Разговор с близким другом происходил у меня дома, в Москве, в 1976 году. Мы сидели в моём кабинете, на мягких креслах финского гарнитура, по стенам стояли красивые полки с собранной мной богатой библиотекой, мы пили армянский коньяк, который дарили мне благодарные за операции пациенты. И обстановка, и условия моей жизни были самые привилегированные по стандартам той жизни. Это было за пятнадцать лет до падения коммунизма и развала Советского Союза, и тогда никто не мог предсказать, какие великие изменения наступят вскоре на русской земле. Мы их тогда не ждали.
В той обстановке было действительно дико думать, что нужно всё это бросать. Но в той ситуации уехать оттуда было единственным выходом из моего положения. Желание эмигрировать было опасное, в этом мой друг был прав. Но это было наше с Ириной продуманное решение, и оно вытекало не только из эмоциональной реакции, было не только бегством от преследования коммунистов. Всё было ещё глубже: мы по-настоящему устали там жить, нам надоели бесконечные ограничения, запрещения, постоянные подстёгивания, непрекращающиеся унижения. Мы хотели быть свободными людьми, людьми мира, который почти не знали.

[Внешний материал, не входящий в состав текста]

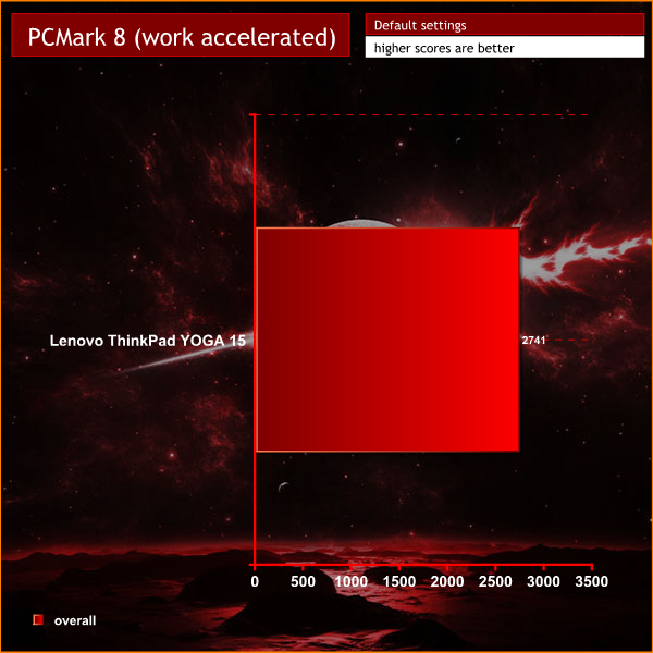 The first battery run with the YOGA 15 appeared to be heading for 12 hours, however the expected life rapidly dropped and delivered just over three hours. After this first conditioning run the life leveled out at seven hours of continuous PC Mark 8 looping, which equates to 14 hours in the real world. That's impressive and effectively means the YOGA 15 will last all day on battery.

Мы принадлежали к поколению московских интеллигентов, которые долго страдали, прямо или косвенно, в ожидании социальных улучшений для всего советского общества. Мы были детьми тех, кого сотнями тысяч арестовывали, мучили и убивали коммунистические опричники КГБ; наши отцы и братья, и даже некоторые из нас самих, были победителями в недавней Отечественной войне и заслужили для своих людей лучшую жизнь. Нам хотелось, чтобы кончилась эпоха засилья партии с её абсурдной пропагандой, в которую никто не верил, чтобы прекратилась алогичная холодная война с Западом, забиравшая все силы и ресурсы страны. Коммунисты сдавливали горло страны, а мы хотели свободы и лучшей жизни и — отчаялись ждать.
Мы с Ириной не «преклонялись перед Западом», с которым и не были знакомы. Один только раз ездили мы в Югославию, по протекции министра внутренних дел, моего пациента. Но мы были то, что называлось антисоветчики, и наш 19-летний сын, студент-медик, вырастал под этим влиянием. Деньги я успешно зарабатывал хирургией и публикацией стихов, но только самых аполитичных — для детей (свои антисоветские я прятал в стол). И за это я был «допущен в умеренно-благополучную ничтожно-покорную жизнь», как писал Солженицын. Но вот, совершенно неожиданно и неоправданно, меня стали выживать с работы. Не в моём характере было сдаваться, я привык — достигать. И я решил, что если они меня не ценят, то они меня недостойны.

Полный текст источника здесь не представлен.